Solving large exponents

Question

I have a problem that I have been working on and I am a little bit stuck on it.

We are given that $5^a = 1500$ and that $3^b = 3,333,333,333$

We are then given three different choices and told to select all that apply.

The choices are:

$ab \gt 3$

$a \gt b$

$2a \gt b$

I am a little bit confused how we solve for $a$ and $b$ given that the exponents are so large and we cannot use a calculator. Is there a quick way to find these values? Do we even need to know them to address the below relations (just the general magnitude)?

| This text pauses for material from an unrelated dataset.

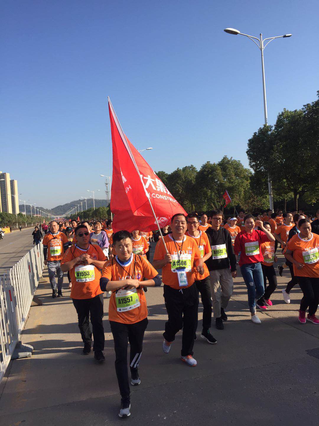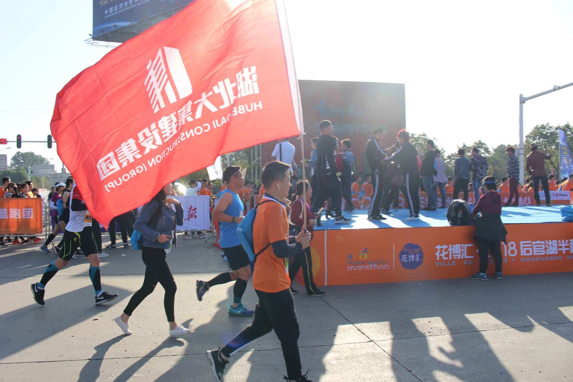 此次比賽共有5000名半程(21.0975公里)選手,5000名健康跑(8公里)選手參加。來(lái)自湖北大集建設(shè)集團(tuán)的50余名參賽選手也成為了這道亮麗風(fēng)景線的一份子。 開(kāi)跑前,大家都摩拳擦掌,做足熱身功夫。在比賽過(guò)程中,集團(tuán)選手精神飽滿、熱情高漲,互相加油,互相鼓勵(lì),與頂尖選手、與熱愛(ài)運(yùn)動(dòng)的人一起,在風(fēng)景宜人的賽道上微笑著跑完了全程。

Tentatively, I am thinking this might involve some sort of prime factorization here as a first step? I am a little bit stuck, so any guidance, hints, or links to resources would be greatly appreciated.

Answer 1

You don't need to find $a$ and $b$ exactly to answer this question. You just need an estimate.

To estimate $a$, try computing $5^1, 5^2, 5^3, \ldots$ and use this to bound $a$ between two integers.

To estimate $b$, notice that $3^{b+1} = 3 \cdot 3^b = 3 \cdot 3333333333 = 9999999999 = 10^{10}-1$. Since $3^2 = 9 < 10$, we have $3^{20} = 9^{10} < 10^{10}-1 = 3^{b+1}$. What does this tell you about $b$?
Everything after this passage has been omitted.